I recoiled at the image.

“In any event,” he said, “Jamie was more or less showing off the product.”

That got him several seconds of dead air while I tried to figure out why he was telling
me this.

Chuck Larson sighed. “You still looking for Paul McFetridge?”

“I am.”

“Try Stanley, Idaho, Georgie,” he said. “Two Rivers Whitewater Rafting Company.”

I wondered if I had passed some sort of test. You saw Jamie and you behaved yourself.
Here’s your reward, good boy.

1
.

SALMON RIVER, IDAHO, June 2008

I
T WAS A SMALL PLANE, A TAIL-DRAGGER WITH NO WHEEL IN THE
front. It held the pilot and would have held five passengers if one of the seats
was not filled with gear. We landed on a dirt runway that required a very sharp left
bank in which the pilot seemed to exult. I had the feeling the whole flight up from
Boise to this pinprick on the map known as Indian Creek had been worth it to the pilot
just so he could make that bank.

The first three passengers who disembarked were greeted with a smile and a welcoming
handshake. I got an “Oh, shit.”

It did not come right away. Initially I got a smile, then the smile faded, replaced
by a look of confusion, then recognition. Then, “Oh, shit.”

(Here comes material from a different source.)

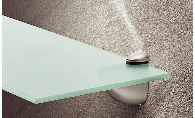 Дизайн-затискний полицетримач для дерева і скла, матеріал: цинкове лиття, хромований, полірованийі, розмір: 25x69x48 мм, для полиць товщиною 4–23 мм, для вкручування в отвір діаметром 4 мм.
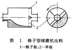 另一種球磨機(jī)是在出料端附近有格子板。格子板由若干塊扇形板組成,扇形板上有寬度為8—20mm的篩孔,物料可通過篩孔而聚集在格子板與右端蓋之間的空間內(nèi)。此空間內(nèi)有若干塊輻射狀的舉板。筒體轉(zhuǎn)動(dòng)時(shí).舉板將物料向上提舉,物料下落時(shí)經(jīng)過錐形塊而向出料端折轉(zhuǎn),經(jīng)右端中空軸排出。由于格子板和舉板的作用,物料在出料端的料位較低,使排料加快,生產(chǎn)量提高,參見圖1。

We shook hands nonetheless. I wondered if he would hug me, as I think we had done
when we last saw each other. But Paul McFetridge was raised an Episcopalian. In my
experience they don’t like to touch, preferring to sing boldly instead.

“Paul.”

“Jesus.”

“Not quite.”

“The hell you doing here?” He was still holding on to my hand.

“Came to go rafting.”

“So is this, like, a coincidence?”

Paul McFetridge’s hair was very long and pulled back into a ponytail. Curly and springy
hair does not fit well in a ponytail, and his was no exception. He could have been
carrying a pillow on the back of his head. His features had grown lean and hawkish
over the years and he had developed something of a stoop, so that his neck seemed
to project forward and his shoulders curled slightly inward. His was no longer the
look of a college tennis player with a hundred-twenty-mile-per-hour serve.

“I called your mother.”

“She knew where I was?”

“She said you were a”—I did my best to imitate her voice—“ ‘river … guide.’ ”

He let go then. He searched my eyes.

“I got divorced recently,” I said. “I’m on my own. So when she said that, I thought,
‘What the hell, I’d like to go whitewater rafting,’ and I figured if I was going to
do it, especially by myself, I’d try to do it where you were. At least I’d know somebody.”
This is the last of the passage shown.